Consider the sum of the infinite geometric sequence $S_\infty = u_1 + u_2 + u_3 + \dots$ (it never stops!).

The result exists only if $-1 < r < 1$. It is given by the formula
$$ S_\infty = \dfrac{u_1}{1 - r} $$
In this case, the series is said to converge. Otherwise (if $|r| \ge 1$), the series diverges.

Three Proofs of the Formula (mainly for Math HL)
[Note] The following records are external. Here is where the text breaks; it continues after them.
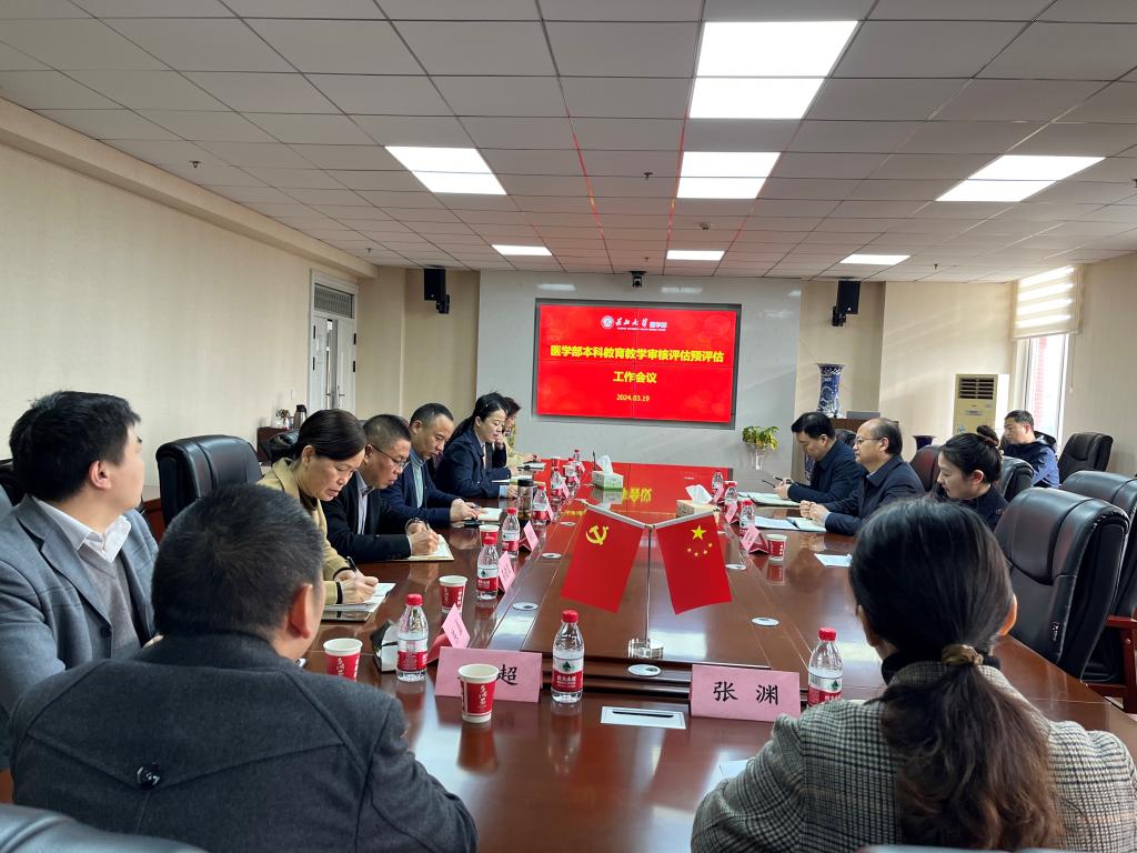 2024年3月19日上午,yl7703永利集团在14教东502会议室召开本科教育教学审核评估预评估工作会议。yl7703永利集团副校长、yl7703永利集团部长毛精华,党委学生工作部部长、党委武装部部长兼本科生院常务副院长张科,督导组专家教授,yl7703永利集团常务副部长龚权,健康医学院院长兼yl7703永利集团副部长陈晓光,党委副书记张渊,第一临床学院和第二临床学院分管教学、学生工作领导及相关部门负责人等出席会议,会议由yl7703永利集团党委书记黄群俊主持。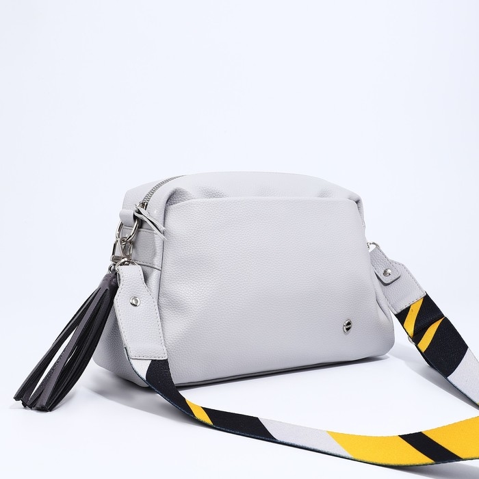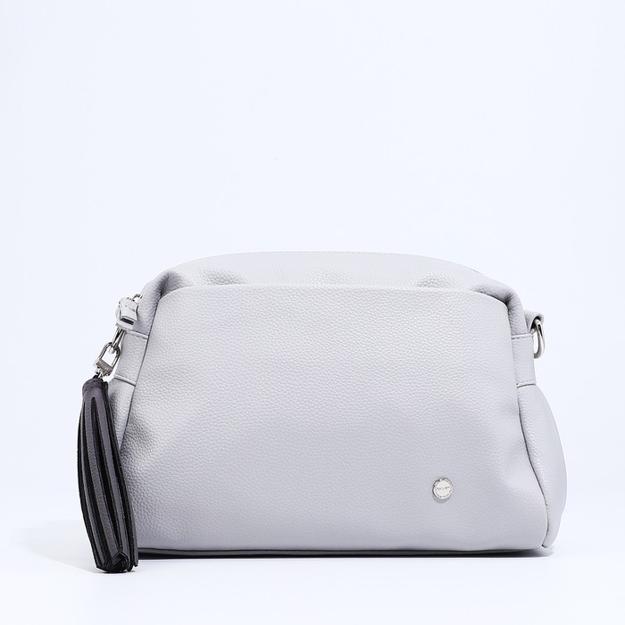 Сумка кросс-боди RICHET на молнии, наружный карман, 2 длинных ремня, цвет серый
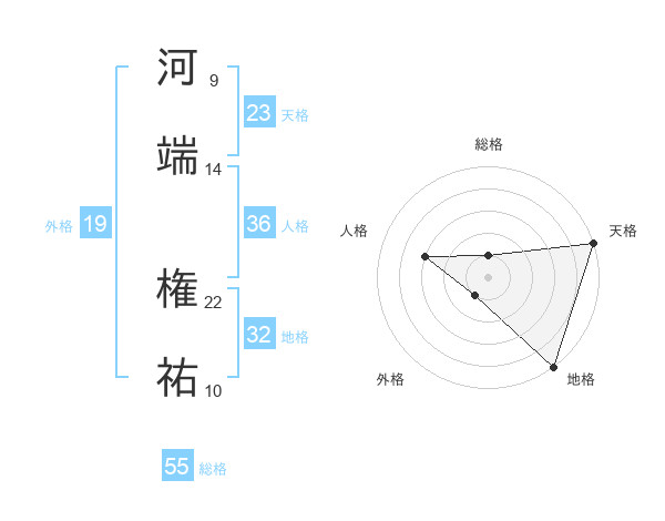 河端 権祐さんの総格は55画の1点!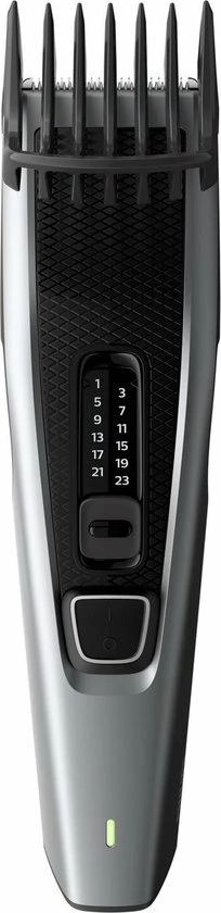 Stel eenvoudig de gewenste lengte in. De instelbare kam heeft 12 vergrendelbare lengtestanden, van 1 mm tot 23 mm, met precies 2 mm tussen elke lengte. Verwijder de kam voor een glad trimresultaat van 0,5 mm.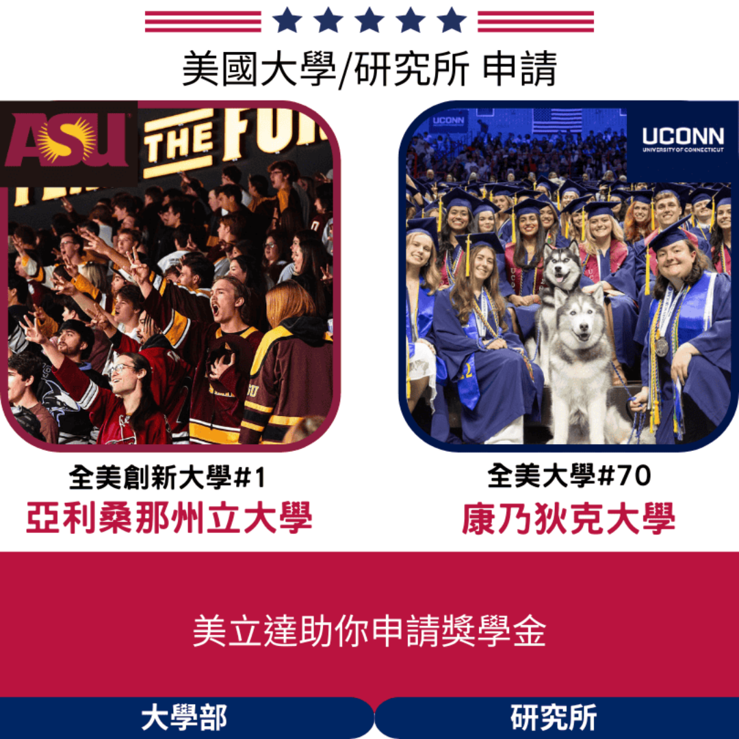 美立達留學為Arizona State University、University of Connecticut台灣代理留學代辧公司

(a) Consider the formula for $$ S_n = \frac{u_1(r^n - 1)}{r - 1} $$ If $n \to \infty$, then $r^n \to 0$ (since $-1 < r < 1$). Thus $$ S_n \to \dfrac{u_1(0 - 1)}{r - 1} = \dfrac{u_1}{1 - r} $$
(b) An alternative proof is similar to that for $S_n$ $$\begin{aligned} S_\infty &= u_1 + u_1 r + u_1 r^2 + u_1 r^3 + \dots \quad \text{(1)} \\ r \cdot S_\infty &= \quad \ + u_1 r + u_1 r^2 + u_1 r^3 + \dots \quad \text{(2)} \end{aligned}$$ Assuming that $S_\infty$ exists, subtracting (1) - (2) gives $$ S_\infty - r \cdot S_\infty = u_1 \implies (1 - r)S_\infty = u_1 \implies S_\infty = \frac{u_1}{1 - r} $$
(c) A slight modification of proof (b) $$\begin{aligned} S_\infty &= u_1 + u_1 r + u_1 r^2 + u_1 r^3 + \dots \\ &= u_1 + r(u_1 + u_1 r + u_1 r^2 + u_1 r^3 + \dots) \\ &= u_1 + r S_\infty \end{aligned}$$ Hence, (assuming again that $S_\infty$ exists), $$ S_\infty - r S_\infty = u_1 \implies S_\infty = \frac{u_1}{1 - r} $$

EXAMPLE 8

Show that $\dfrac{1}{2} + \dfrac{1}{4} + \dfrac{1}{8} + \dfrac{1}{16} + \dots = 1$.

Solution:

This is an infinite G.S. with $u_1 = \frac{1}{2}$ and $r = \dfrac{1}{2}$.
Since $|r| < 1$, the sum is obtained by $$ S_\infty = \dfrac{u_1}{1 - r} = \dfrac{\frac{1}{2}}{1 - \dfrac{1}{2}} = \dfrac{\dfrac{1}{2}}{\dfrac{1}{2}} = \mathbf{1} $$

EXAMPLE 9

Show that $0.3333\dots = \dfrac{1}{3}$.

Solution:

It can be written as $$ 0.3333\dots = 0.3 + 0.03 + 0.003 + \dots $$ This is in fact an infinite G.S. with $u_1 = 0.3$ and $r = 0.1$. Hence, $$ 0.3333\dots = \dfrac{u_1}{1 - r} = \dfrac{0.3}{1 - 0.1} = \dfrac{0.3}{0.9} = \mathbf{\dfrac{1}{3}} $$

EXAMPLE 10

Show that $0.9999\dots = 1$.

Solution:

Indeed, using the geometric series formula $$ 0.9999\dots = 0.9 + 0.09 + 0.009 + \dots = \dfrac{u_1}{1 - r} = \dfrac{0.9}{1 - 0.1} = \dfrac{0.9}{0.9} = \mathbf{1} $$
Alternative Proof 1:
It is known that $0.3333\dots = \dfrac{1}{3}$. Multiplying both sides by 3 yields $$0.9999\dots = \dfrac{3}{3} = \mathbf{1}$$.
Alternative Proof 2:
Note that $$\begin{aligned} x &= 0.9999\dots \quad \text{(1)} \\ 10x &= 9.9999\dots \quad \text{(2)} \end{aligned}$$ Subtracting (2) - (1) yields $$ 10x - x = 9 \implies 9x = 9 \implies \mathbf{x = 1} $$ Thus, (1) and (3) give $0.9999\dots = 1$.